Determination of T. cruzi Infection Status of Vector Specimens

Because of the lag period occurring between collection periods, most specimens were too desiccated to attempt determination of infection status by microscopic examination of fecal matter. Therefore, for each specimen, the terminal segment of the abdomen was removed using sterile dissection tools. Individual samples were then pulverized in PBS using a hand operated, cordless pellet pestle with sterilized tissue grinders (Fisher Scientific, Pittsburgh, PA). The slurry was then processed by PCR to determine T. cruzi presence according to methods reported in Virreira et al. (2003). DNA was extracted from these samples using QiaAmp DNA Blood Mini Kit (QIAGEN, Valencia, CA). Separate PCR reactions were run to amplify sequences targeting both genomic DNA (TCZ) and kDNA minicircle segments (S35/36). PCR products were run on 1.5% agarose gels stained with 0.5 µg/ml ethidium bromide. Samples from which both target sequences were successfully amplified were considered positive for T. cruzi.

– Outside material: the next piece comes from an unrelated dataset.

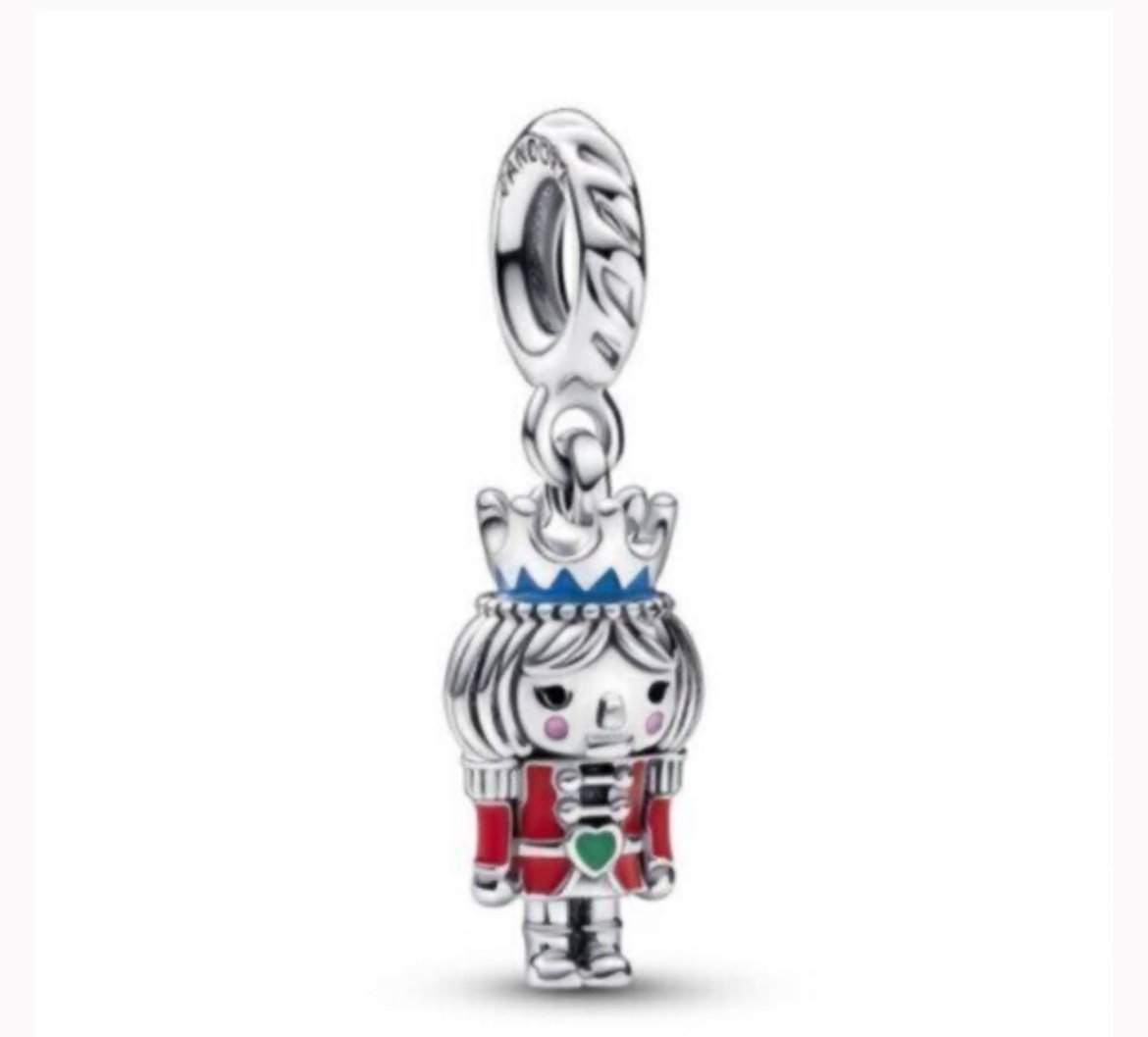 Pandora Festive Nutcracker 2022 Dangle Charm Charming nutcracker design. Features a crown and detailed outfit. Perfect for holiday jewelry. S925 Sterling Silver ALE, comes with the tag in a plastic bag

Collection of Household Attribute Data

At the time of enrollment and after informed consent was obtained, adult inhabitants were given a brief survey that inquired on the individual's previous encounters with T. dimidiata s.l. as well as additional behavioral information regarding household use of insecticides. Additional information regarding the visual household structure and presence of domesticated animals was recorded. The attributes recorded included: GIS location, number of rooms, number of bedrooms, presence of screened doors, presence of screened windows, presence and type(s) of animals in domestic area, presence and type(s) of animals in peridomestic area, external light sources, community light sources, distance to community light sources, status of surrounding vegetation (primary, secondary, agricultural), wall material, roof material, floor material, number of wall gaps larger than 2 cm, and opening between roof eaves and wall structure. Later, the distance from each house location to the village periphery was measured using Google Earth (Google Earth Pro 2012).

Data Analysis

Presence data were mapped at the village level using ArcGIS 10.1 software (ESRI, Redlands, CA). Village infestation rates were calculated as the percentage of household positive for vector presence. District infestation rates were calculated as the percentage of villages positive for vector presence(Dumonteil et al. 2002). Chi square analysis tested trends in vector presence for sex differentiation and seasonality. Univariate analysis of each attribute was performed to determine correlation of each household characteristic monitored ( Supp Material 2 [online only]) with observations of T. dimidiata s.l. within the household (SPSS 28, Armonk, CA). Characteristics with a significance value less than 0.2 were included in the final multiple logistic regression. Stepwise regression was also employed using the variables in Table 2 in an attempt to standardize variable selection in a final model.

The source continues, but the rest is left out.